In a major scientific milestone, Chinese researchers have successfully synthesised a rare form of diamond found naturally only in meteorites, the hexagonal diamond, marking a leap forward in the quest for superhard materials, according to the Chinese media reports.
The study, published Wednesday in Nature, details how scientists from the Centre for High-Pressure Science & Technology Advanced Research transformed graphite into a high-purity hexagonal diamond under precisely controlled high-temperature, high-pressure, and quasi-hydrostatic conditions. This crystal structure is believed to be harder than conventional Earth diamonds, which, despite their famed strength, have weaknesses due to slippage along certain planes.
Hexagonal diamonds, or lonsdaleites, boast a more robust atomic arrangement, but previous attempts to create them in laboratories often resulted in ordinary cubic diamonds. The breakthrough came from using high-purity natural graphite single crystals and in-situ X-ray monitoring to track structural changes during synthesis.
Lead researcher Yang Liuxiang said the approach overcame long-standing challenges in diamond creation, setting a methodological foundation for future material innovation. Ho-kwang Mao, a renowned high-pressure science expert and foreign member of the Chinese Academy of Sciences, called the achievement a "new pathway" for developing next-generation superhard materials and advanced electronic devices.
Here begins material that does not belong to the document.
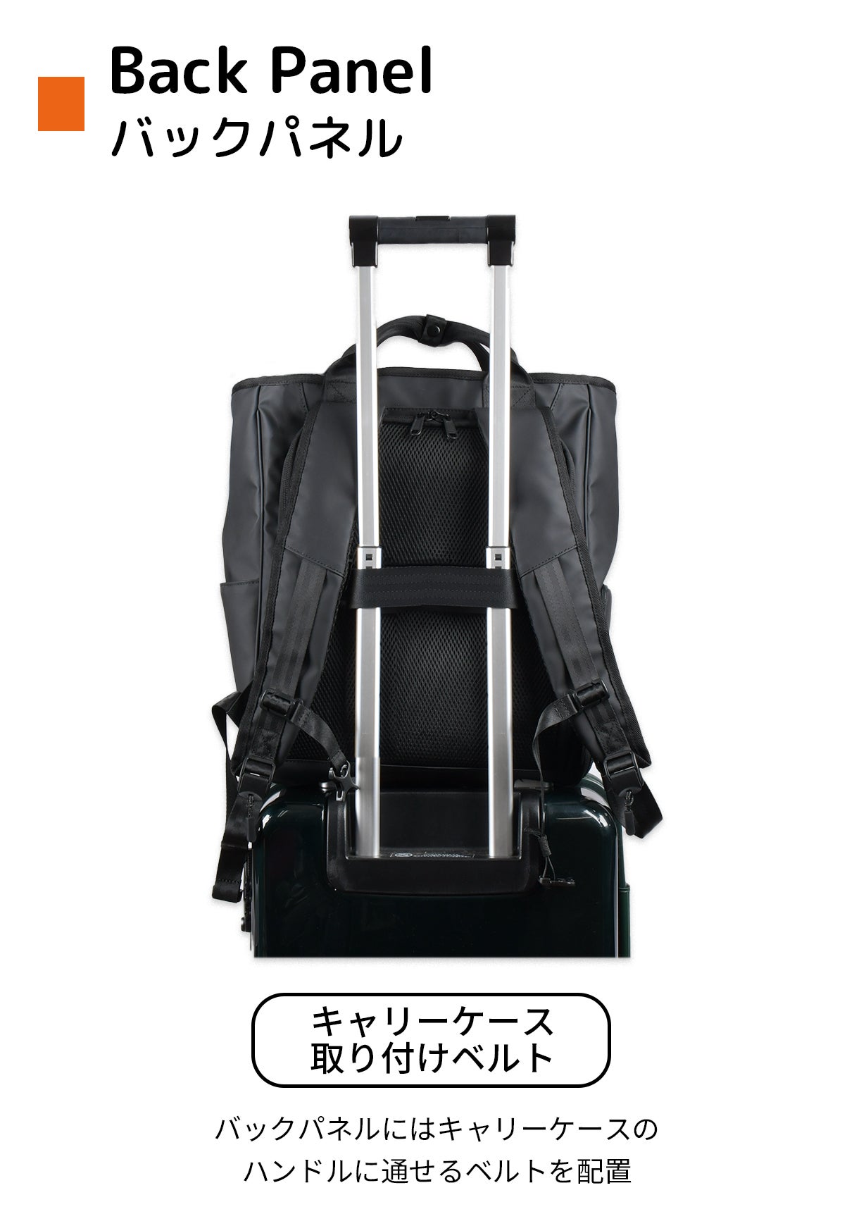 一見するとシンプルなバックパックにこれだけの機能性が詰まっています。

"Firstly, selecting ultra-pure, impurity-free natural graphite single crystals as raw material facilitated the creation of highly ordered, micrometre-sized hexagonal diamond samples," he told the South China Morning Post.
"Secondly, they used live monitoring - gradually compressing graphite crystals while watching structural changes with real-time X-ray imaging. This prevented defects and produced pure, perfectly formed hexagonal diamond blocks."
The laboratory-grown hexagonal diamond, at a hundred-micron scale, could redefine industrial applications requiring extreme durability, potentially outperforming traditional diamonds in both mechanical and electronic uses.